### Records shown:
■ ■ ■ ■ ■

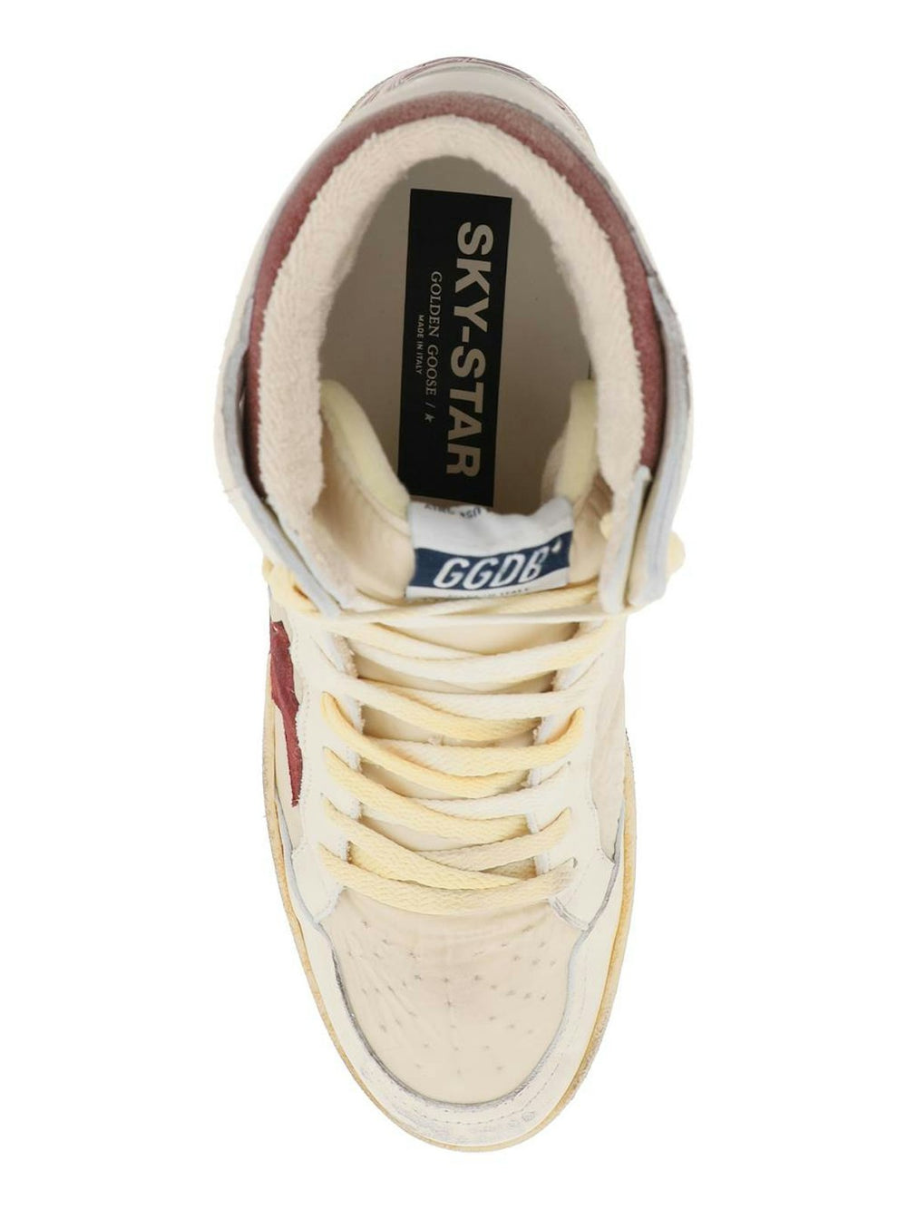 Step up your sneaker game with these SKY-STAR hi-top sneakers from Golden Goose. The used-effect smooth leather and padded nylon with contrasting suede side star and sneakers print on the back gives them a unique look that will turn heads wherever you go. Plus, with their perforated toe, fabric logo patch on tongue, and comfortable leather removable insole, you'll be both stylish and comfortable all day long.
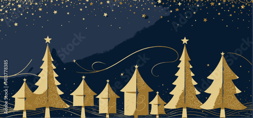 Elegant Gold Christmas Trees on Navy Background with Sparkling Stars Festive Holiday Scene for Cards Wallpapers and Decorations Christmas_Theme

■ ■ ■ ■ ■

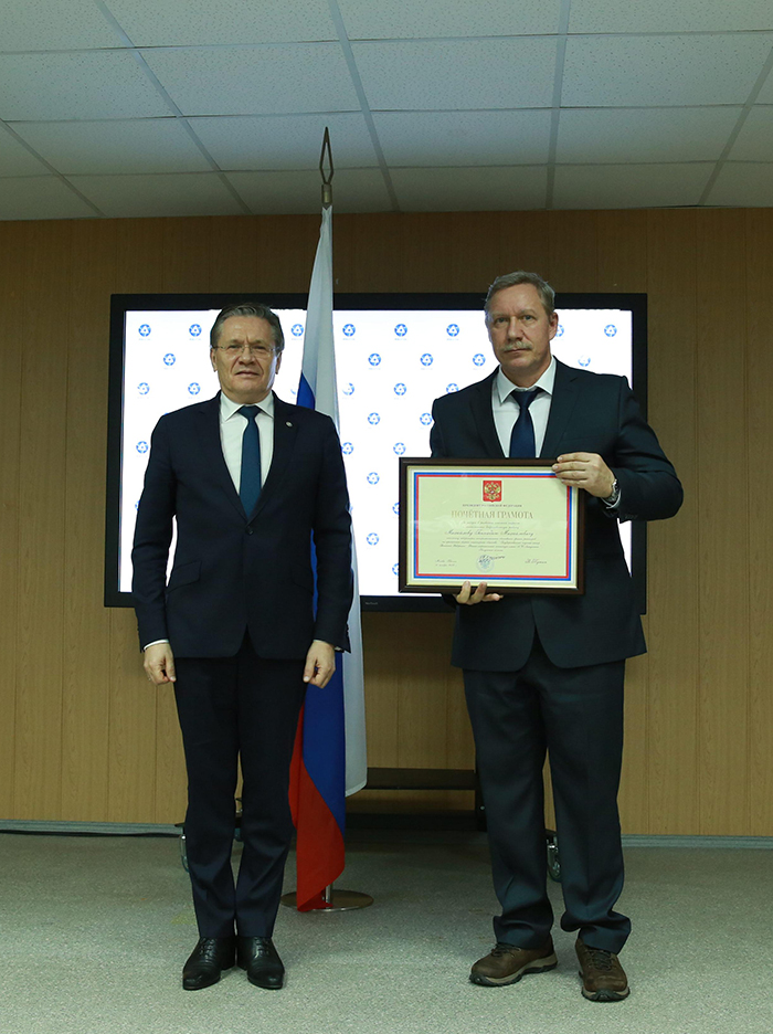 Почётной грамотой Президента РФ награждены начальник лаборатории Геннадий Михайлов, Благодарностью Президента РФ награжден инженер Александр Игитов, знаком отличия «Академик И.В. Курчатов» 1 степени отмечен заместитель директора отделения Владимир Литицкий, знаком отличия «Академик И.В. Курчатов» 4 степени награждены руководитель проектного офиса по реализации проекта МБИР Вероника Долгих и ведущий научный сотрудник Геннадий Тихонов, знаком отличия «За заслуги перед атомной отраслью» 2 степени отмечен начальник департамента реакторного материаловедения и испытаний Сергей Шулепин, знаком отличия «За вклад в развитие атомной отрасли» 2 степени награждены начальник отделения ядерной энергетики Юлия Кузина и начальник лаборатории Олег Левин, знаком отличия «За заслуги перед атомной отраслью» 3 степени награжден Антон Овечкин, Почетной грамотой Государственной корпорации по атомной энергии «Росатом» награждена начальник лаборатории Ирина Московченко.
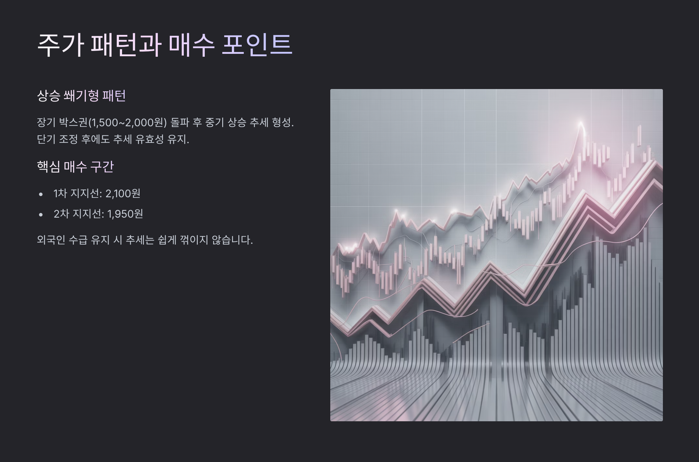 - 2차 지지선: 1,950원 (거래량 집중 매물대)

■ ■ ■ ■ ■

### What you have to do:
If a picture sits between the line containing "Step up your" and the line containing "Elegant Gold Christmas", leave it out, and return the lines of that range above exactly, both ends included.

### Output of the task:
 Step up your sneaker game with these SKY-STAR hi-top sneakers from Golden Goose. The used-effect smooth leather and padded nylon with contrasting suede side star and sneakers print on the back gives them a unique look that will turn heads wherever you go. Plus, with their perforated toe, fabric logo patch on tongue, and comfortable leather removable insole, you'll be both stylish and comfortable all day long.
 Elegant Gold Christmas Trees on Navy Background with Sparkling Stars Festive Holiday Scene for Cards Wallpapers and Decorations Christmas_Theme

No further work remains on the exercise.